Umso wichtiger war ihr die Nachsorge, die Möglichkeit, täglich Besuch zu bekommen und Antworten auf unzählige Fragen zu finden. Wie viel Schreien ist normal? Wann hat ein Kind Hunger? Wie wichtig ist es, beim Stillen darauf zu achten, dass das Kind im Wechsel an die Brust gelegt wird? Wie gehe ich mit einem Milchstau um? „Eine Hebamme bringt Ruhe rein“, ist Linda Gruet sicher. Auch für ihren Mann sei das so gewesen. „Väter haben ja einen viel abrupteren Start mit dem Kind.“ So manches Gespräch führte die junge Mutter am Abend oder am Wochenende mit der Hebamme am Telefon, immer dann, wenn sie nicht weiterwusste. Nach der Geburt des zweiten Kindes kamen neue Fragen hinzu: Warum schläft der Ältere nicht mehr durch? Ist Eifersucht normal? Wie wird man beiden gerecht?

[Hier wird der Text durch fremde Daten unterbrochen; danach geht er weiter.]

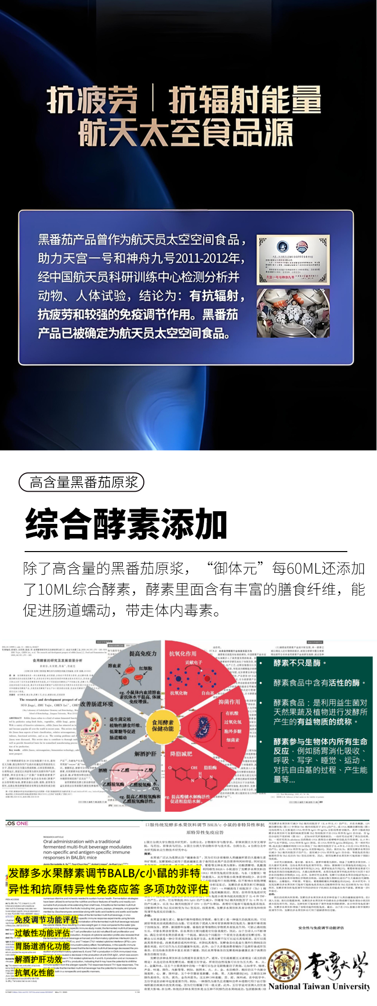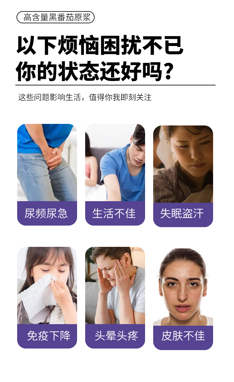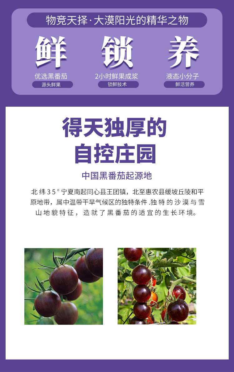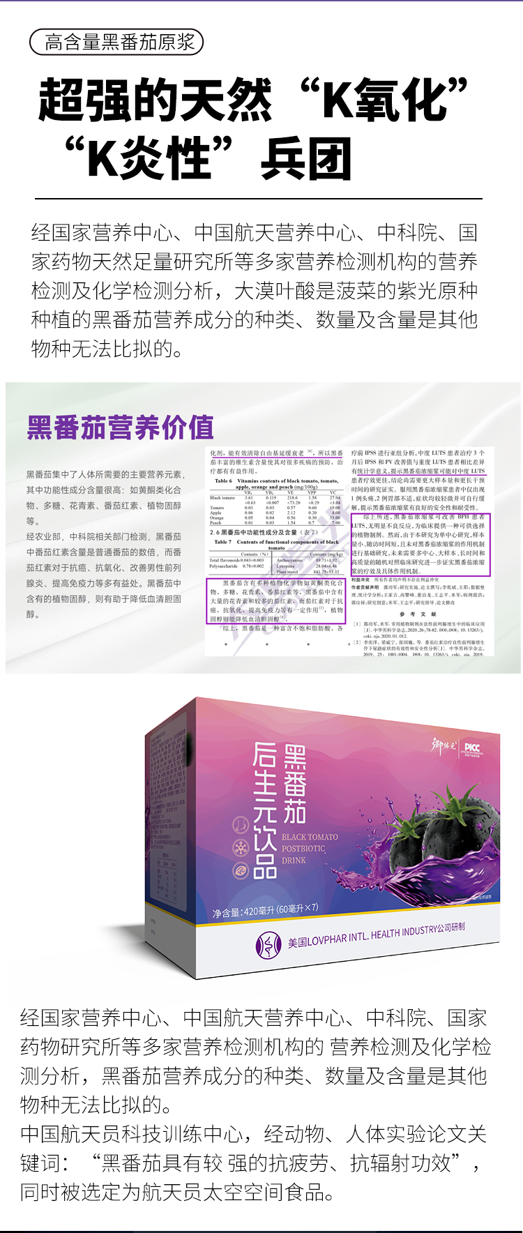 【成分】黑番茄原浆78%,综合浓缩果蔬发酵液[蔬果发酵液(苹果、香蕉、甘薯、菠萝、西兰花、球茎甘蓝、木瓜、青梅、西瓜、胡萝卜、葡萄柚、甜瓜、芥蓝、番石榴、杨桃、葡萄、莲雾、柠檬、花椰菜、芜菁、萝卜、山药、马铃薯、牛蒡根、芋头、苋菜、蕹菜、冬瓜、西葫芦、甘薯叶、苦瓜、根恭菜、豆瓣菜、丝瓜、黄瓜、南瓜、柿子、大白菜、芦笋、枣、芹菜、叶用芥菜、结球甘蓝、菠菜、叶用莴苣、青椒、番茄、银耳、木薯、佛手瓜、金针菇、草菇、火龙果、黑木耳、李子、茄子、木耳菜、姜、豌豆、油菜、雪里蕻、水蜜桃、西番莲、猕猴桃、柑橘、橙子、诺丽果浆、番荔枝)、低聚异麦芽糖、山梨糖醇]16.4695%,蓝莓浓缩汁5%,胶原三肽,雨生红球藻粉,银耳多糖,透明质酸钠,烟酰胺,后生元(灭活乳酸菌PostbioP-6)

Die Hebamme wurde für sie und ihren Mann „zum Familienmitglied. Sie wird hineingeworfen in Familienkrisen“, sagt die junge Mutter. Mit Blick auf ihre eigene Situation und die von Freundinnen ist Linda Gruet sicher: „Ohne Hebammen geht es nicht. Man würde komplett die Orientierung verlieren.“ Und nach einem kurzen Zögern fügt sie hinzu: „Wenn es keine Hebammen mehr gäbe, würde ich mir ein drittes Kind sehr überlegen.